Home Video is an album that allows the words to occupy the foreground while the dynamics dominate the background. Both work in tandem, pushing and pulling proceeding when called upon. The propellant ‘First Time’ rattles with driving indie-rock contrasted by Dacus’ hazy vocals. While the softly picked ambience of ‘Cartwheel’ allows the record’s thematic thread of the past and future expectations to be laid bare. ‘Brando’ melds both approaches as the song builds from line stripped back lines like “All I need for you to admit. Is that you never knew me like you thought you did” that give way to a musically lush widescreen sound.

However, ‘Thumbs’ towers above all else. The zenith of Home Video and Lucy Dacus work to date, the music is atmospherically tense and the words strikingly tense. Written about a deadbeat father of her partner, the song melds reality with fantasy. Ducas recalls the encounter with documentarian observations, “So we meet him at a bar. You were holding my hand hard. He ordered rum and coke. I can’t drink either anymore”. Before twisting seamlessly into fantasy, “I lovе your eyes. And he has thеm, or you have his. ‘Cause he was first. I imagine my thumbs on the irises.

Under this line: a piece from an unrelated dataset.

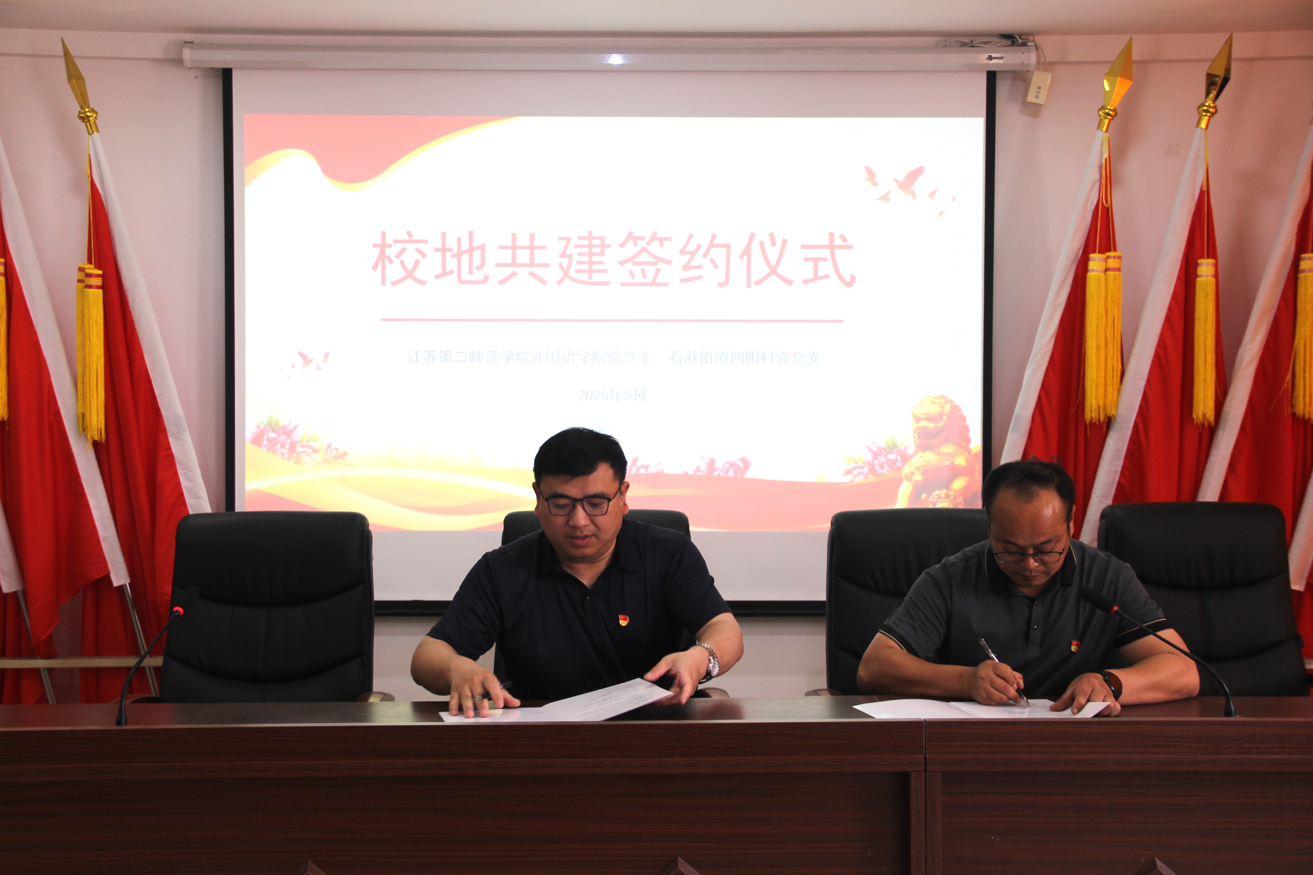 近年来,外国语学院组织学生在石湫街道向阳村开展文化帮扶、社会实践、志愿服务等各类实践活动,成果显著。签约仪式上,余鑫与石湫街道向阳村党总支书记黄平平签署校地合作共建协议。双方表示要以“党建结对”为纽带,以“社会实践”为桥梁,打造“资源互通、平台共建、人才共育”的共同体,为学生拓展实践平台、提升综合素养搭建舞台,也为乡村引入智力资源、激发发展活力注入动力,真正实现“党建赋能、校地共建”。
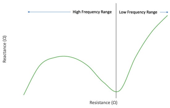 Using these equations, the reactance of the cement block resulted in 216.6 kΩ at 120 Hz and 476.9 kΩ at 1 kHz. This increase in impedance declines with frequencies higher than 10 kHz, as shown in Figure 4. For this reason, 100 kHz was the selected frequency [46]. This frequency balances low impedance and low power, as an increase in waveform frequency can result in higher power consumption and circuit complexity.

Pressing in until they burst”. Unflinching in its honesty and dreamlike in its delivery, ‘Thumbs’ lasts long after listening. 

And so it goes, Home Video examines how we perceive the past in the present. Throughout, Lucy Dacus looks back on moments, places and imagery from this perspective and tells us each story with unshakeable sincerity. Wrapped in a subtle production that gives each song room to be heard, Home Video is a towering work that lays everything bare. Allowing Dacus to move into the future as a songwriter with power over her art.  

10/10


Home Video by Lucy Dacus is out June 25th via Matador Records.